Também é digno de nota que em Black Sunday (La Maschera del Demonio), de Mario Bava, o casal de bruxos/vampiros vividos por Barbara Steele e Arturo Dominici são irmãos incestuosos na versão italiana e amantes comuns na versão americana. Há inúmeros exemplos como esses. Mas a coisa podia ir ainda mais longe: a uma certa altura Robsahm vai pras vias de fato e praticamente tenta violentar Steele. Obviamente essa cena teve que ser cortada da versão americana, mas com o relançamento do filme em DVD, décadas depois, surgiu um problema que provavelmente ninguém na época teria esperado: na era do DVD (e, posteriormente, bluray) a regra é muito clara: não pode haver cortes! Só que a cena cortada nunca chegou a ser dublada em inglês, afinal não era necessário. Como fazer então para reconstruir a versão mais completa possível do filme e mixa-la no DVD com disponibilidade de múltiplas faixas, ou seja, todas as versões num mesmo release? Ora, usando o áudio da versão mais completa, ou seja italiana, pra cobrir a lacuna na faixa em inglês.

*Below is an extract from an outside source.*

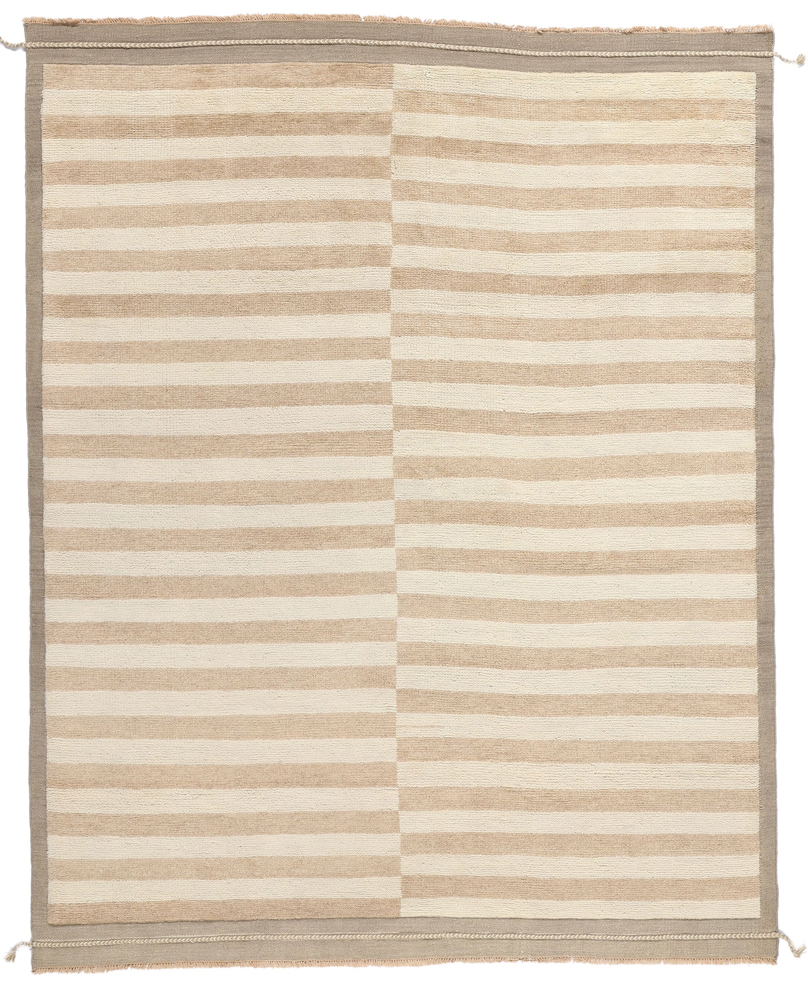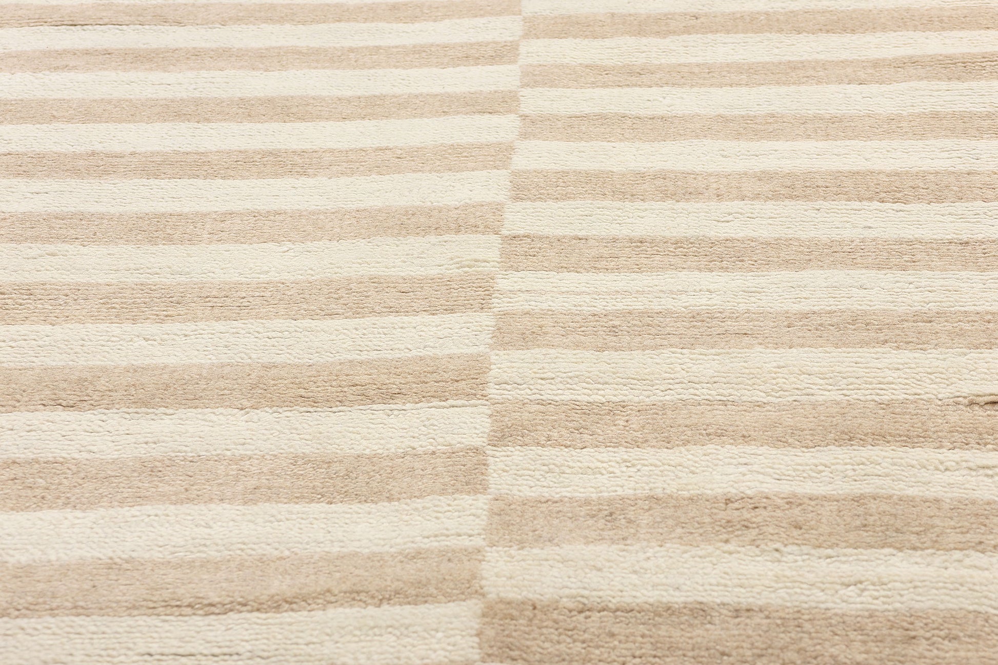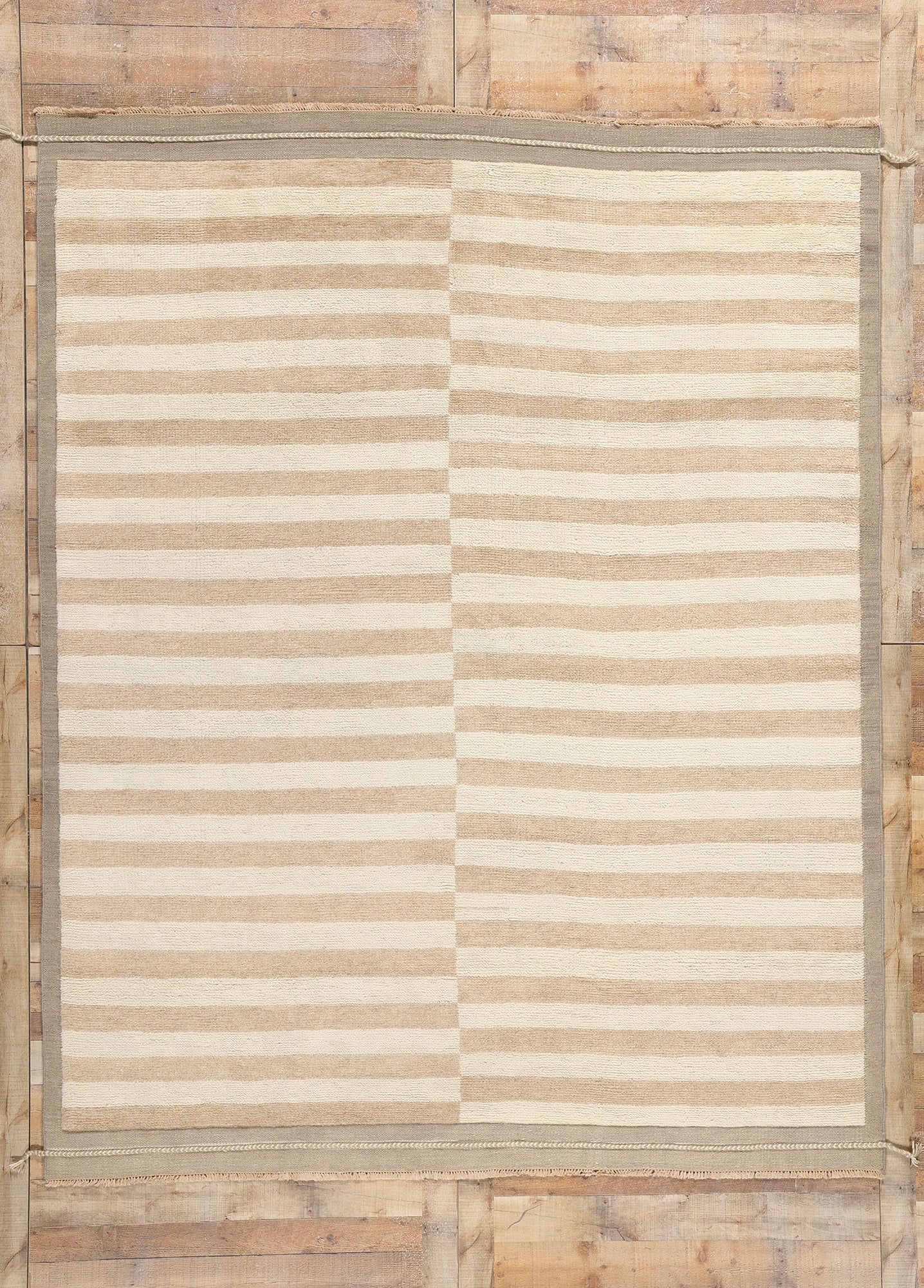 Embrace the serene beauty of simplicity with the Desert Lines Organic Modern Moroccan Rug. This hand-knotted wool Moroccan area rug showcases an elegant interplay of beige and tan horizontal bands, evoking the natural hues of sunlit sand and the neutral tones of a desert landscape. Its earth-tone striped pattern flows across the surface like a series of nomadic pathways, capturing the essence of a journey across vast, open spaces. The rug's minimalist design invites you to explore the subtle textures and organic variations inherent in its handcrafted Indian construction.

Sim, você não entendeu errado. Você está lá, assistindo o filme, quando de repente o áudio em inglês muda pra italiano e depois volta para o inglês. É mais comum do que se imagina, se você nunca topou com um filme italiano com áudio múltiplo, acredite, mais cedo ou mais tarde você vai topar. Um caso célebre (ou infame) é o de Prelúdio Para Matar (Profondo Rosso), de Dario Argento. A faixa de áudio em inglês fica alternando de inglês pra italiano o filme inteiro, as vezes no meio de uma fala! O motivo é que enquanto a versão italiana tinha 126 minutos, a versão americana que foi lançada originalmente nos cinemas tinha só 96! Ou seja, quase um terço do filme nunca chegou a ser dublado em inglês na época. Para reconstruir uma versão em inglês para o mercado de home video sem os cortes o resultado teve que ser mais ou menos como vocês podem ver (quer dizer, ouvir) no vídeo abaixo:


Escolhi esse trecho propositalmente para poder chamar a atenção para mais algumas curiosidades. Reparem que a legenda é mais apurada nas partes em italiano. É porque ela foi feita para o áudio italiano, não para o áudio em inglês. Notem que conforme os personagens ficam mais distantes no enquadramento a própria sincronia da legenda começa a ficar falha. Isso é porque os dubladores não precisavam se preocupar tanto com as entradas das falas se os lábios dos atores não podiam ser vistos com clareza. Ou seja, as falas em italiano não necessariamente começam nos mesmos tempos que as falas em inglês. É por isso que não dá muito certo assistir a um release em italiano com uma legenda feita para a versão em outra língua. Simplesmente não vai bater, nem a sincronia e nem a tradução.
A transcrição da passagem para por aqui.